Abstract

IntroductionThe present study aimed to evaluate the prevalence of apical periodontitis (AP) and endodontic treatment in patients with end-stage renal disease (ESRD) as compared with patients with no history of ESRD. MethodsIn this cross-sectional study, 40 patients diagnosed with nondiabetic ESRD were included. The control group consisted of 40 age-matched and sex-matched healthy individuals. Digital panoramic radiographs were exposed on patients in both the experimental and control groups. The number of remaining teeth and the prevalence of nonsurgical and/or surgical root canal treatment were evaluated. Also, the presence of AP in all teeth and endodontically treated teeth (ETT) was recorded using the periapical index. Logistic regression was used to determine the possible association between ESRD and AP. ResultsAP in at least 1 tooth was found in 29 of the patients with ESRD (73%) and in 16 of the control patients (40%) (odds ratio [OR] = 3.9, P < .05). In 21 (52%) patients with ESRD in the experimental group, at least 1 ETT was diagnosed with AP. In the control group, 11 (28%) individuals had AP affecting at least 1 of the ETT (OR = 2.9, P < .05).
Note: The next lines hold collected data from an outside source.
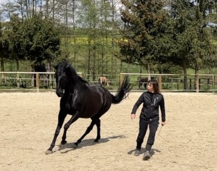 Lusitano Rappstute – in liebevolle Hände abzugeben Wir suchen für unsere wunderschöne Lusitano-Stute (Rappstute, ohne Abzeichen, mit Papieren) ein passendes Zuhause. Sie wird nur schweren Herzens abgegeben, da wir ihr aufgrund der Haltungsbedingungen am eigenen Hof (ganzjährige Weidehaltung in der Gruppe) nicht gerecht werden können. Die Stute benötigt eingeschränkte Weidezeiten, sowie Heu bester Qualität oder besser noch Heulage oder bedampftes/ gewässertes Heu. Unter diesen Bedingungen ist sie topfit und kerngesund. Wird darauf nicht geachtet, reagiert sie empfindlich (Heustauballergie/ EMS). Offenstallhaltung mit angepasstem Fütterungsmanagement ist daher Voraussetzung. Charakter & Ausbildung: • Sehr sensibel und superfein an den Hilfen → kein Anfängerpferd • Liebt Bodenarbeit und Dressurarbeit auf dem Platz • Beherrscht alle Seitengänge, usw. und zeigt sich dabei motiviert und lernfreudig Wir wünschen uns für sie: Einen Platz bei erfahrenen, einfühlsamen Pferdemenschen, als Zuchtstute oder Beitstellpferd, der/ die mit ihrer Sensibilität umgehen können und ihr die notwendige Haltung und Zuwendung bieten können. Abgabe nur in wirklich geeignete Hände und in bestes Zuhause.
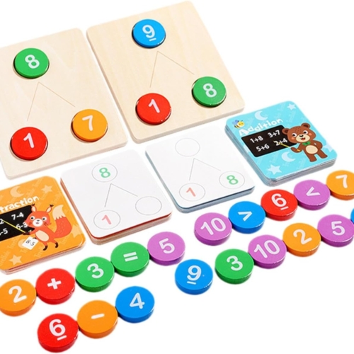 【Material】: Logical Thinking Training Math Toys are made of wooden, which is sturdy and practical , ensures it can withstand regular use without easily getting damaged, providing long time fun【Engaging Number Game】: This educational toy is designed to introduce children to number decomposition within 10, making it an ideal tool for preschool education. It helps young learners understand numbers through interactive play【Enhances Cognitive Skills】: The Number Toy serves as a great aid in developing hand eye coordination and brain function, guiding children from basic number recognition to simple arithmetic operations like addition and subtraction【Compact】:This Wooden Number Board is compact enough for convenient storage while still offering ample space for engaging play that early math skills development in children【Comprehensive Learning Set】: The package includes two baseboards, 25 number and symbol pieces, and 90 task cards, offers a variety of learning activities that progress from easy recognition tasks to more challenging arithmetic exercises
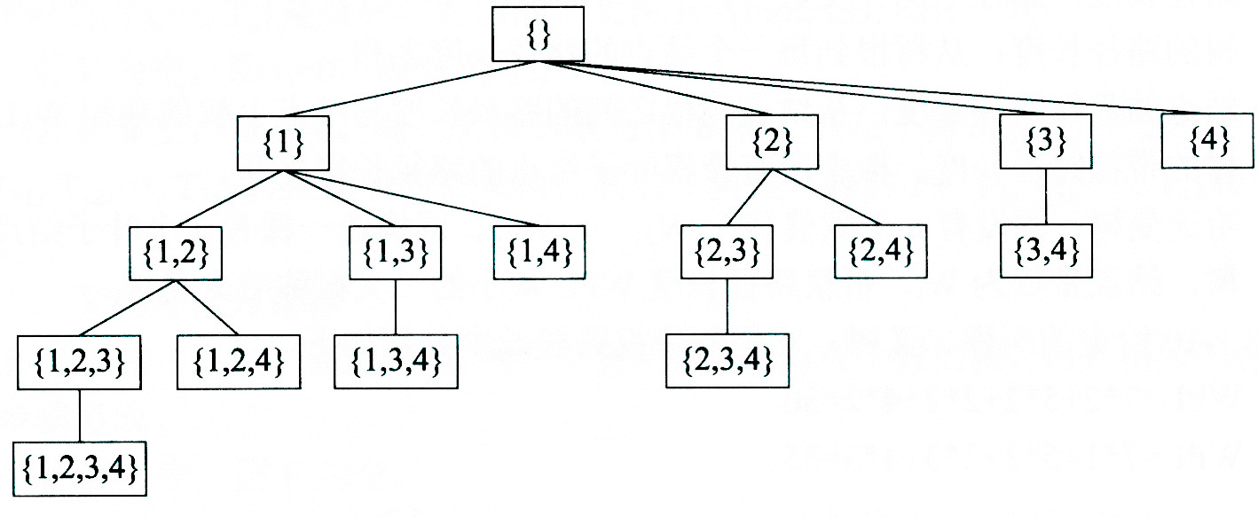 如何利用树状结构这个参照系来设计求集合{1,2,…,n}的幂集算法是我们讨论的重点。对于给定的集合{1,2,3,4},按幂集集合中的元素个数和字典次序建立的树如下图所示。
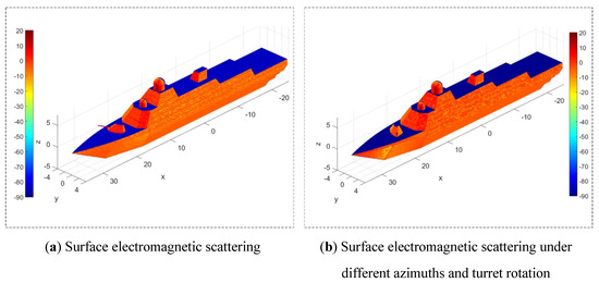 Electromagnetic scattering on the surface of the warship, RCS unit: dBm2. (a) Surface electromagnetic scattering; (b) Surface electromagnetic scattering under different azimuths and turret rotation.

Adjusted for the number of teeth and endodontic treatment, ESRD was significantly associated with the presence of AP (P < .05; OR = 2.6; 95% confidence interval, 1.43–4.8). Also, the number of teeth with AP was significantly associated with the urea serum level in the experimental group (P < .05, β coefficient = 4.35). ConclusionAP was significantly more prevalent in the experimental group. This may suggest that ESRD could possibly alter the pathogenesis of AP. However, these findings do not confirm the presence of any cause-and-effect relationship between these conditions. Also, considering the modifying effect of AP on urea serum level, the treatment of AP could be incorporated in the treatment planning of patients with ESRD.